IAS 36 — Recoverable amount and carrying amount of a cash-generating unit
New issue — Recoverable amount and carrying amount of a cash-generating unit (CGU)
The Interpretations Committee received a request to clarify the application of paragraph 78 of IAS 36, which sets out the requirements when it is necessary to consider recognised liabilities to determine the recoverable amount of a CGU.
The submitter stated that the approach in paragraph 78 for making a CGU’s carrying amount comparable with its recoverable amount (by deducting the carrying amount of the liability from both the CGU’s carrying amount and from its value in use (VIU)), produced a null result, and believed that this could not be the intention of the Standard. The submitter also asserted that it did not seem to be appropriate to deduct the carrying amount of the liability from the VIU of the CGU because the approach used to measure the present value of a liability was different from the approach used to measure the present value of a CGU’s VIU. The submitter proposed an alternative approach.
Staff recommendation
The staff disagreed with the submitter, because they believed that the approach in paragraph 78 was intentional and was the consequence of applying IAS 36’s approach for assessing impairment. The staff observed that when a CGU’s fair value less costs of disposal (FVLCD) considered a recognised liability, paragraph 78 required adjusting both the CGU’s carrying amount and its VIU by the carrying amount of the liability in order to make those measures comparable with the FVLCD. However, when an entity used the VIU as its recoverable amount, the entity did not need to make an adjustment to the CGU’s carrying amount and to its VIU similar to the one required by paragraph 78, because the carrying amount of the CGU would already be comparable to the VIU of the CGU. The staff further noted that the approach in paragraph 78 provided a relatively straightforward and cost-effective method to perform a meaningful comparison of the measures involved in impairment testing.

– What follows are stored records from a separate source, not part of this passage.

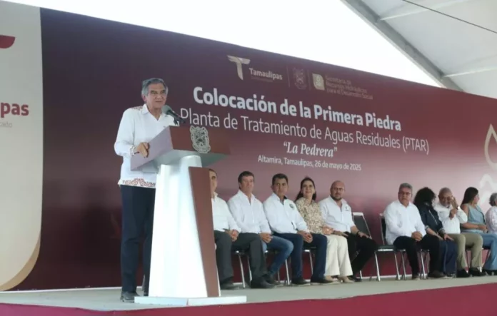 Altamira, Tamaulipas. – Tamaulipas es el segundo estado a nivel nacional con mayor inversión para el manejo sustentable del agua, afirmó el gobernador Américo Villarreal Anaya, al poner la primera piedra de la Planta Tratadora de Aguas Residuales (PTAR) «La Pedrera», en el municipio de Altamira.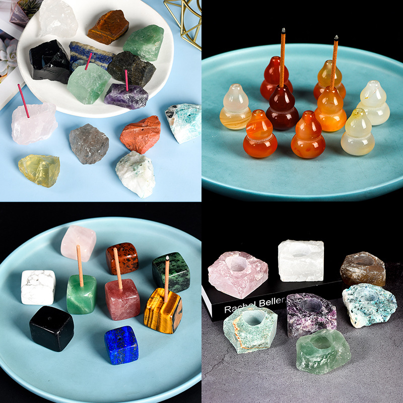 天然水晶の不規則な原石の香りはピンクの白い水晶の四角の燭台を挿して仏瑪瑙のヒョウタンの台の卸売りを提供します。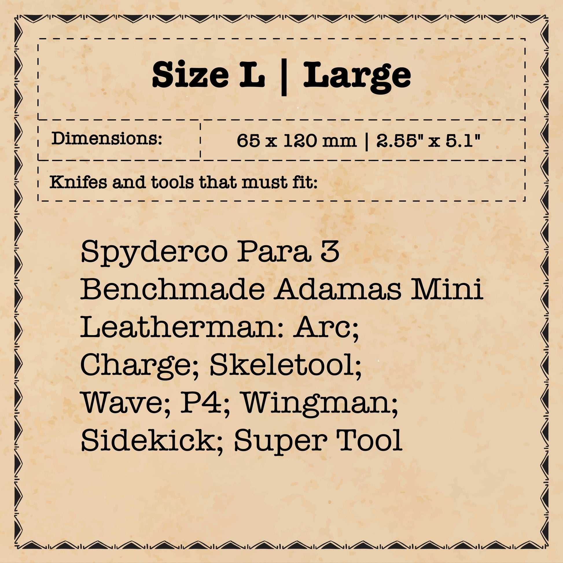 - Fits: Spyderco Para 3, Benchmade Adamas Mini, Leatherman Arc, Wave, Skeletool, Charge, P4, Sidekick, Super Tool, Wingman, or similar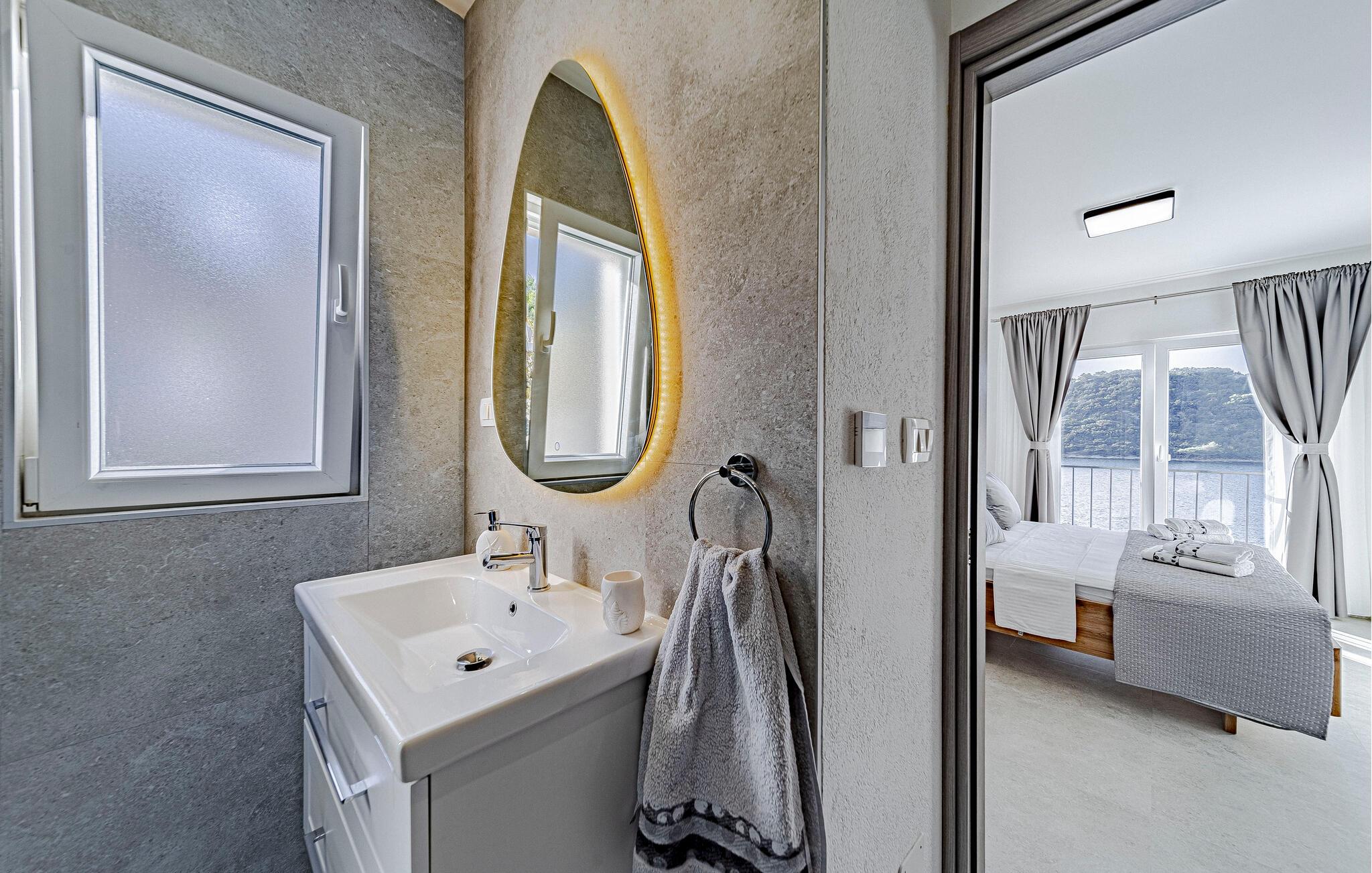 Rigelig plads, lyse værelser og en smuk udsigt over det glitrende hav venter jer i dette moderne feriehus ved Adriaterhavskysten. Brug det fuldt udstyrede køkken til at skabe lokale specialiteter og slap af i det stilfulde opholdsområde med en god bog, en film eller en hyggelig spilleaften.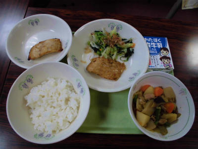 ごはん、牛乳、さばの七味焼き、小松菜のおかか和え、肉じゃが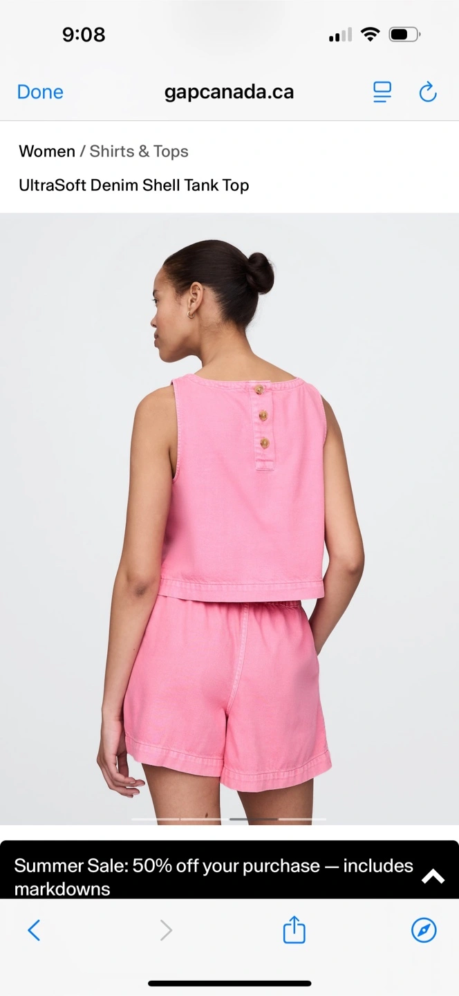 Selling a super cute Gap UltraSoft denim set! Tags on, brand new, never worn. Purchased wrong sizes and missed the return window. It includes the shell tank top and easy shorts, both in a French pink colour. Perfect for summer days!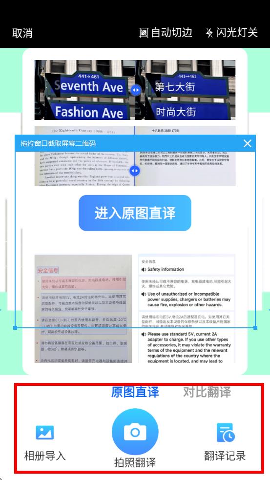 2、界面中點(diǎn)擊【原圖直譯】欄的【相冊(cè)導(dǎo)入】拍照翻譯,選翻譯模式,獲取圖片文字翻譯結(jié)果。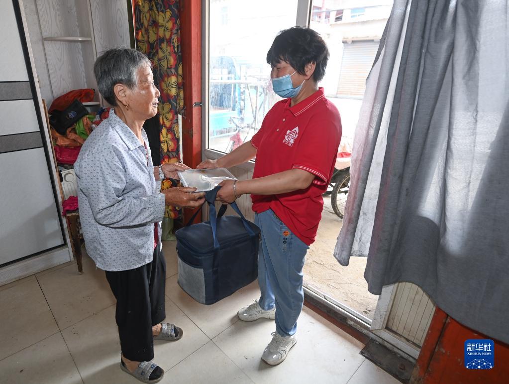 6月15日,王江涇鎮居家養老服務中心的工作人員(右)把需要配送的中餐送到老人家中。

The staff therefore recommended that the issue was not taken onto the Interpretations Committee’s agenda and proposed wording for a tentative agenda decision. The Interpretations Committee was asked whether they agreed with the conclusion of the staff, and with the wording in the tentative agenda decision.

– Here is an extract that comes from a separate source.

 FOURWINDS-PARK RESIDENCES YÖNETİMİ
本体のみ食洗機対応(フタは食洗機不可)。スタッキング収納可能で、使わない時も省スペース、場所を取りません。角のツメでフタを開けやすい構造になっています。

Interpretations Committee discussion and decision
There was general agreement amongst the Committee members who spoke that the application of paragraph 78 was found to be difficult in practice, and that differing views existed as to how it should be applied and what should be done to address the mismatch. It was observed that although this was an issue that may not affect all industries, for the industries it did affect (i.e. the extractive industries where decommissioning liabilities are significant) it was a significant issue.
The IASB Technical Manager noted that the feedback received from accounting firms on the outreach performed indicated that they had encountered diversity in practice regarding not only application of paragraph 78, but also other aspects of IAS 36; many of which were related to how and whether to include deferred taxes when applying the guidance in paragraph 78. The feedback also indicated that amending paragraph 78 would not resolve all issues, and that the Interpretations Committee should refer the issue to the IASB who should carry out a broader review of IAS 36. Several Committee members agreed that this was something that should be dealt with by the IASB rather than the Interpretations Committee.
One Committee member observed that there were situations in practice where the liability determined in accordance with IAS 37 was deducted from the carrying value of the CGU and the recoverable amount was then determined by including the cash outflows in the estimate of cash flows, which was then discounted by a different discount rate, and noted that accordingly, the impact of the mismatch could be significant. The Committee member further noted that this issue also arose with deferred taxes in situations where the entity could not sell the assets without the associated tax obligation. The Committee member did not believe this was an issue that could be dealt with simply through an agenda decision.
Another Committee member suggested that if the IASB did carry out a broader project on IAS 36, the issue around deferred taxes and the gross up of goodwill and intangible assets acquired in a business combination should be included in the scope of the project.
Twelve of the fourteen Committee members voted to move forward with the proposed agenda decision. One of the Committee members who objected had highlighted earlier in the discussion the fact that the impact of the mismatch could be significant, and suggested adding wording to the agenda decision to emphasise the need for people to ensure they were comparing apples with apples when performing an impairment test.